For nothing heres my two cents. If I was doing that(mines already a dually) I would look into getting a complete dually rear axel. Here in Ct. we have a Bargain News Paper cost about 1.75 and its full of stuff. A complete dually rear end with tires and springs cost approx. $200-400. Theres been plenty to choose from too. I was thinking about one when I needed some springs. This set up should bolt right in to your truck, but you can't inter swap parts from one to the other. The only thing thats inter swapable is the gears if you have a 14 bolt full floater. Check this out first. Instead of doing a look a like get the real McCoy.

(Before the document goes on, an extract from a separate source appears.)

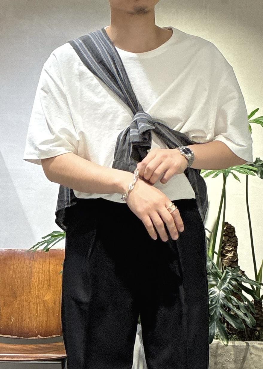 シャツを肩掛けしてみたり、ガツンと感のあるブレスレットをつけたりして味付けするのがおすすめです!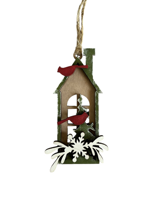 Folk Art Christmas House -Vintage Style Wood Ornament

You'll be better off.


----------



## karl klein (Jan 28, 2001)

the problem with that is you have to get the same gears as before, the springs have to line up, the shock mounts have to line up, brake lines, and drive shaft


----------



## Chuck Smith (Dec 30, 1999)

Do a search in this forum. 75 (Rob) has already posted the differences between dually and single rear wheel axles as far as spring mount locations, shock mounts, etc.

~Chuck


----------



## 2401 (Feb 3, 2001)

Here's a couple of discussions on the topic:

http://www.plowsite.com/showthread.php?threadid=5499&highlight=dually

http://www.plowsite.com/showthread.php?threadid=2611&highlight=dually

These were trucks in the 73 to 87 model range, I don't know how much things changed by 91 as far as frame widths, spring pads, shock locations etc but in general, I would say that if you're serious about "going dual" you are better off with an axle swap. IMO the kits are for "the look" but aren't a real dually, the reason for the extra two tires in the first place is payload and by putting on a kit conversion you are still using the same 3/4 ton brakes etc to stop the extra weight that extra pair of tires can carry.

Depending on which axle is in your truck now, you _may_ have to modify (ie shorten, possibly different rear U-joint) the driveshaft. When I put duals under my 75 many years ago, the driveshaft had to be shortened by a couple inches due to the larger "pumpkin" on the dually axle.


----------